Sábado, 23 de Fevereiro de 2013

you're like a sister to me. I was pleased I finally had someone to talk about everything, someone who would be there for me. Someone I could trust. And that word, trust, is like paper, you know? Once it is crumbled it is never perfect again. And you failed in the trust I put you. It could had turn to a lot worst than this you know? No, why I keep asking "you know"? of course you don't. You don't get it what it is to feel lost and alone all the fucking time. You don't know half I've been through. You don't know how sensible I am, and what I can say without meaning it. You don't know me at all. I thought you knew, but you don't. And now here I am. I miss you, I really do.

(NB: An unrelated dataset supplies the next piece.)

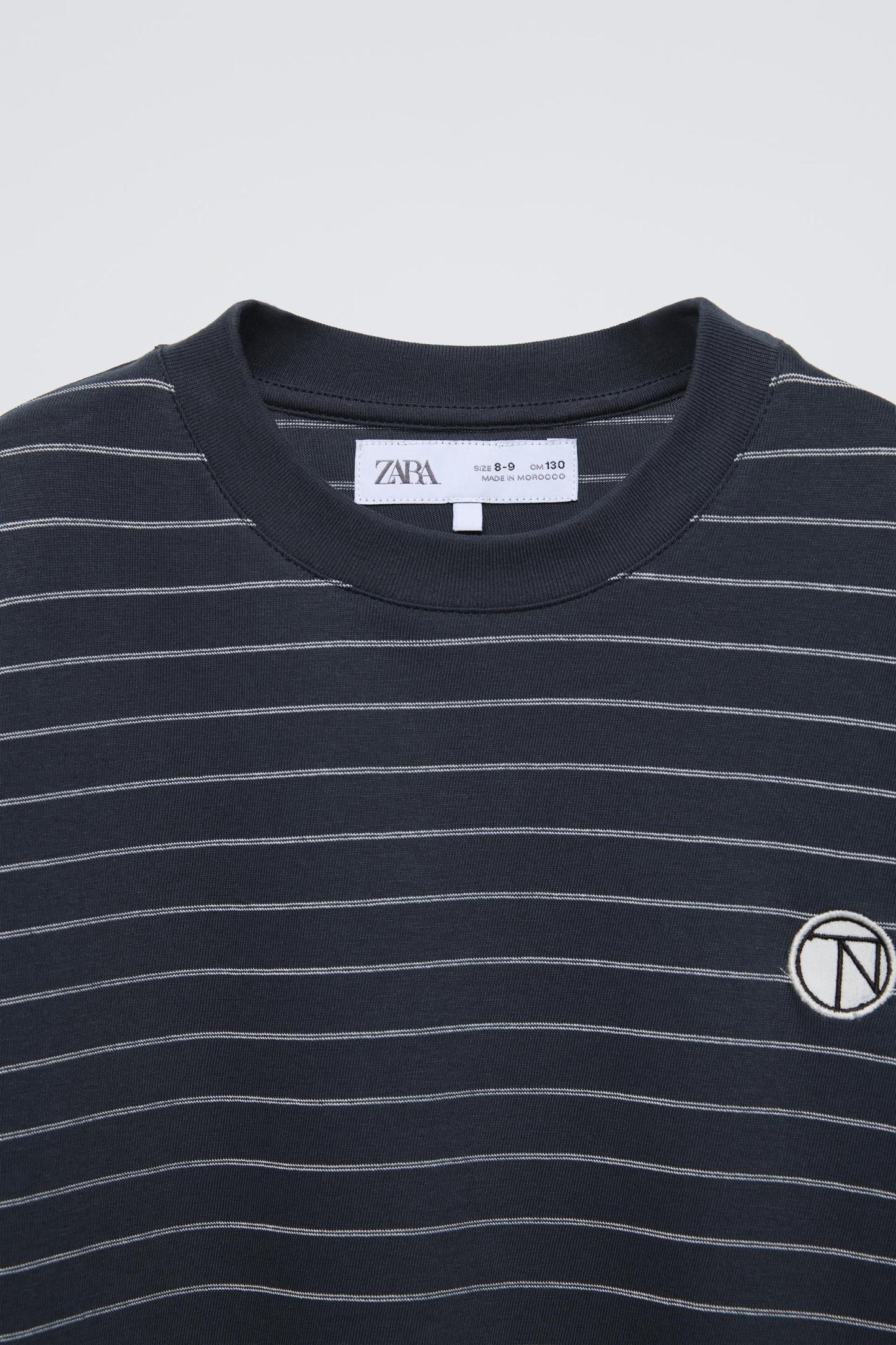 EMBROIDERED PATCH STRIPED T-SHIRT

You were that person who cheered me up. I could be crying but you could just say: I'm so sexy, and i would laugh my butt off. And you know what is the feeling to lose someone? I have it. Because I'm stupid and I do everything to keep letting you go. I say those words in the moment that fuck up everything. And you were just trying to help. And I'm sorry I'm a bad friend, and I'm sorry I'm the most retarded kid on earth. I don't know what I had in my mind. I'm not mad at you, I can't be. Tho, the trust was torned yesterday. I feel like if I knew some "bomb" right now I would feel in the need to go tell you. I just can't hide anything from you. And that's why you are my panthera.